おまけに、カメラに向かってインタビュアーの一つ一つの問いに、言葉を選びながら真摯に答えていっているのは見た目「金髪チャラ男」なもんですから、そのギャップに何度でも新鮮に驚きます。
ワタシ、正直言って最初は笑えました(殴!)。
見た目で先入観を持つの、本当にいけませんね。
で舞台はハワイ。

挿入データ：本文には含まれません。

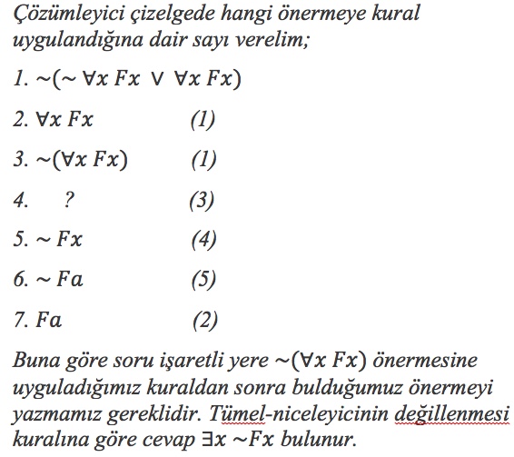 Önermenin değilinde ad sembolleri yerine birer eleman yazarak oluşturulan ifadeyi kök noktasına yazarak oluşturulan çizelgede tüm dallar kapanmalıdır.
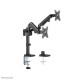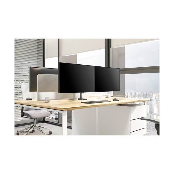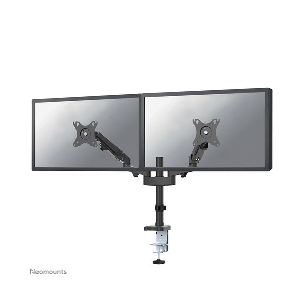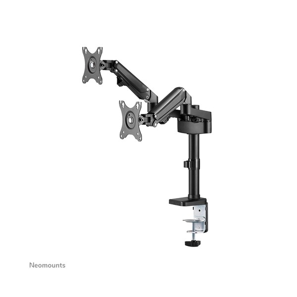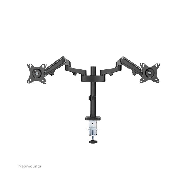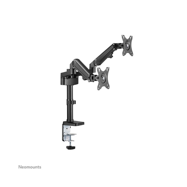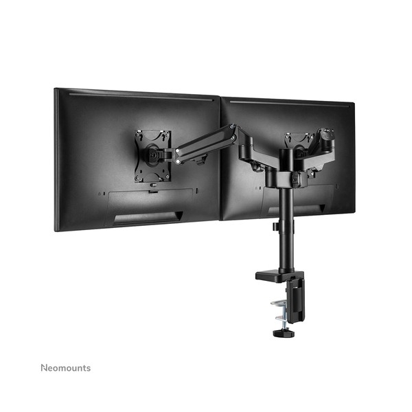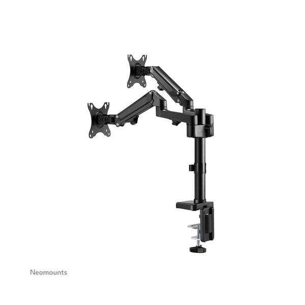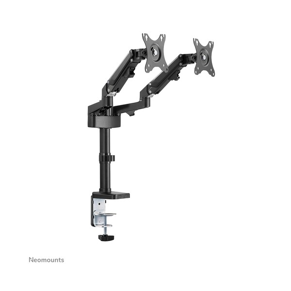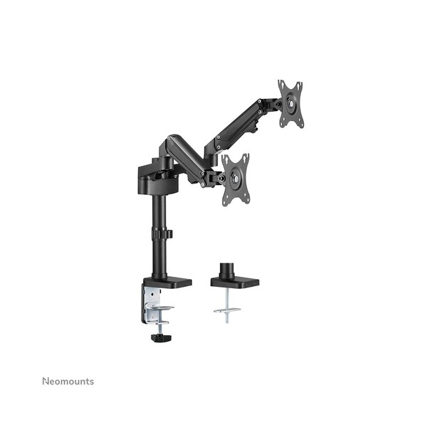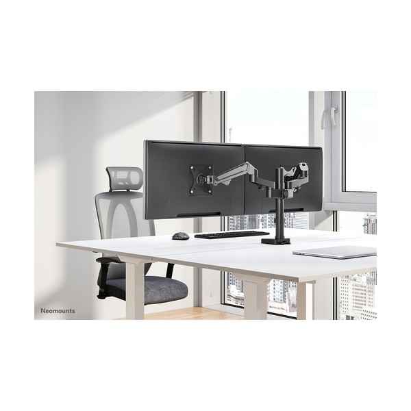 Il Neomounts DS70-750BL2 è un supporto da scrivania full motion per due schermi piatti fino a 27" con peso massimo di 7 kg per schermo. Grazie alla versatile inclinazione (90°), rotazione (360°) e oscillazione (180°), il supporto da tavolo può essere regolato a qualsiasi angolo di visione desiderato e può sfruttare appieno le possibilità degli schermi. Inoltre, il supporto ha la regolazione dell'altezza con sospensione a gas (7,3-48,1 cm) e la regolazione della profondità (0-37,8 cm) per ottenere la posizione di lavoro perfetta.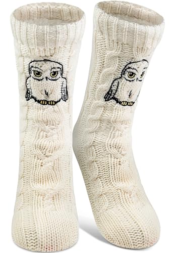 United Labels Harry Potter gosiga strumpor för kvinnor, vit, en storlek 38–43, fluffiga stoppstrumpor med sherpafoder, varma strumpor, hattstrumpor Hedwig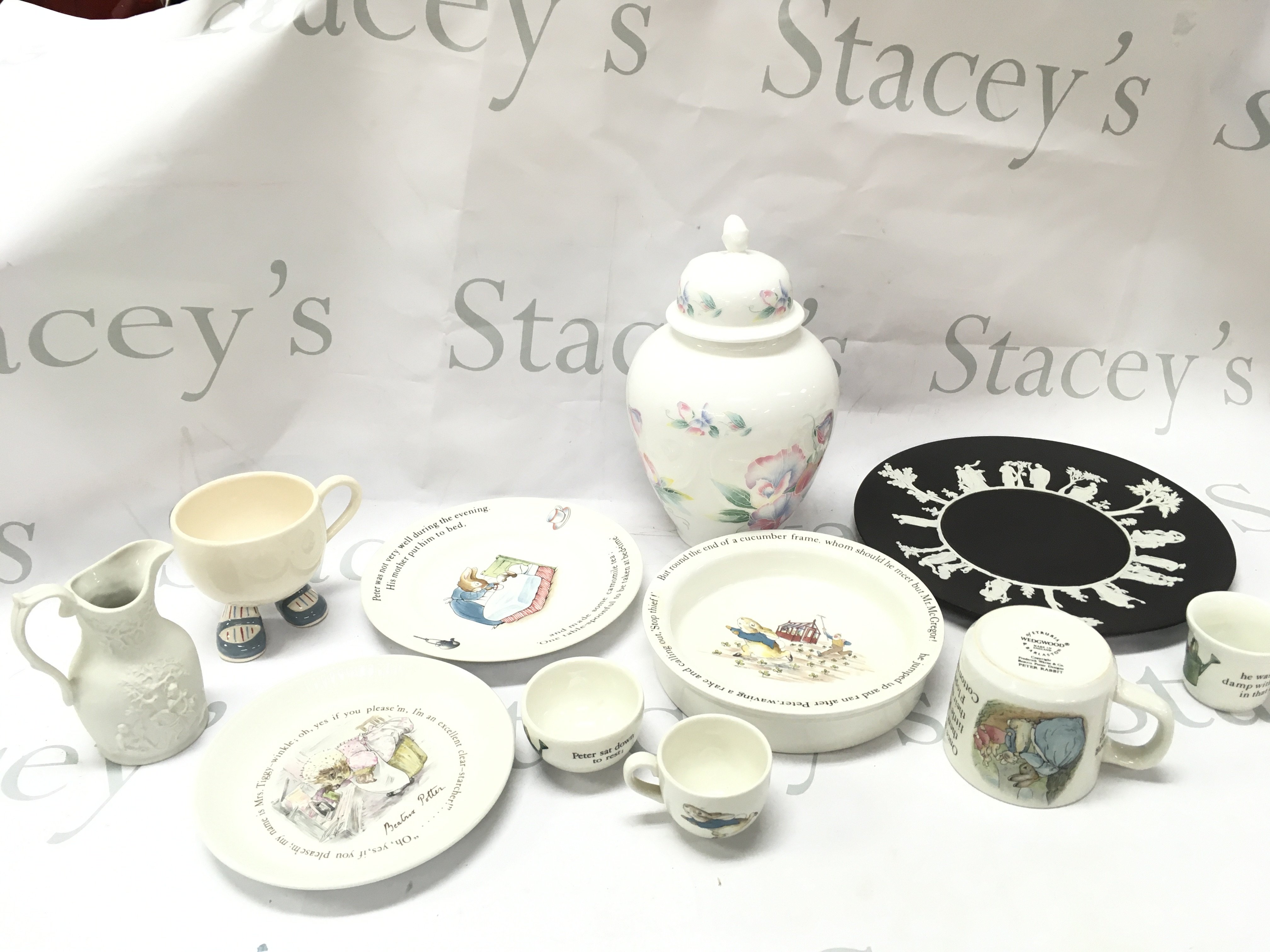 A collection of ceramics including a Wedgwood plate, Wedgwood Beatrix Potter Peter rabbit tea set , Ansley vase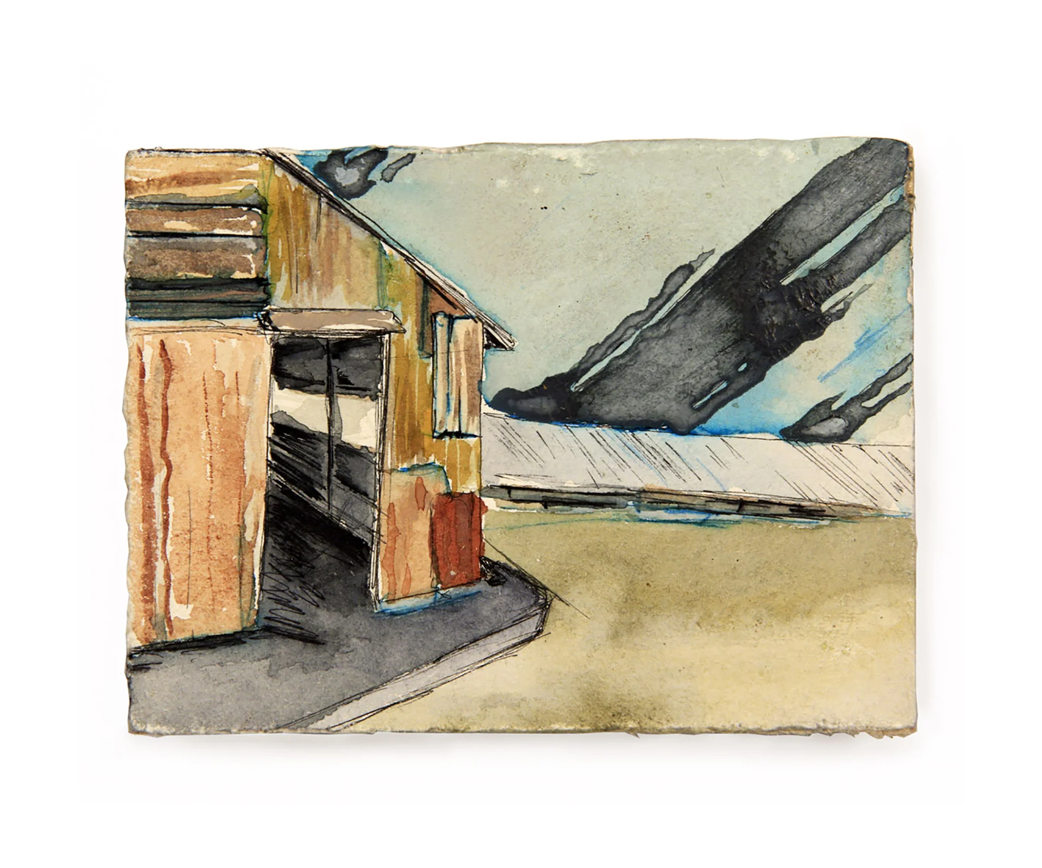 Barnfront, 2013, watercolor on paper mounted on panel, 4.75 x 6 .5 x 1.5 inches

といってもオアフ島じゃなくてハワイ島の方ですから、圧倒的な手付かずの自然の迫力。 そしてその迫力の自然の前にド迫力の美形な人間が、一見唐草模様に見える(んな訳ない!)ハイビスカス柄のカバーに入ったサーフボード片手に現れるというオープニング。
そしてビーチサイドのパラソルの下、白のポロの胸元をがっつり開けてネックレスを覗かせながらインタビューに答えていきます。
玉木 宏のSpiritとは? 長所は?
将来に向けた目標は?
仲間との過ごし方は?
(ハワイ人の生き方は)自分の生き方と比べてどう?
ハワイアン・スタイルを体感して感じたことは?
気負いもなく、自然で、くつろいで、ゆったりとした話しぶり。
それだけですこぶる魅力的。
「仕事してても遊んでいても楽しんでいられるようにしたい。」
「作品のイメージをストレートに伝えていきたい。」
この頭のちっちゃなクリクリ坊や、インタビューの合間のショットではハワイ島をあっちへ行ったり、こっちへ行ったり、バイクに乗ってみたり、スーパーに行ったり。 何だか可愛いゾ!

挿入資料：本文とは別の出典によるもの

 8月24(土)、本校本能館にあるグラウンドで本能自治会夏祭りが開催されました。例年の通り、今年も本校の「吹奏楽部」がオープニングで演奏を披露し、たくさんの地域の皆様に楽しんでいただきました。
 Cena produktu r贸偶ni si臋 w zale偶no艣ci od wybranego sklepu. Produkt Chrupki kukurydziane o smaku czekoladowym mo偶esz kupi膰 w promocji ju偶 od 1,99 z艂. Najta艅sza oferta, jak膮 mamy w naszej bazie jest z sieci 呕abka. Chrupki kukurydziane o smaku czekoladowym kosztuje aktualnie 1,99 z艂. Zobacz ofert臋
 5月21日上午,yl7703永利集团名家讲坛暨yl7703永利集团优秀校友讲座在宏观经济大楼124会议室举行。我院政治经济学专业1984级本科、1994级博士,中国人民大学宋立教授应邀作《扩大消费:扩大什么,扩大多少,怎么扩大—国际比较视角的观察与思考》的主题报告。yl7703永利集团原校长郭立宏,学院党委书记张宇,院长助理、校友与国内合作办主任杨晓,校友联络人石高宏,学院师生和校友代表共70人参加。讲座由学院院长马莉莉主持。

そして最後は「ハワイの自由人たちのカリスマ」として慕われているというArthur “Bird” Enriquezという仙人のようなおじさんがこの俳優に「アドヴァイス」をくれます。
それを真剣そのものな面持ちで聞く横顔が神がかり的に美しい。
「上に行き過ぎてはいけない」
「キミはキミでなければ」
「キミは“アタマ”ではなく“ハート”の人だ」
「キミは成功者になれるんだ」
玉木ファンにとって、今となっては余りに感慨深い言葉の数々ですね。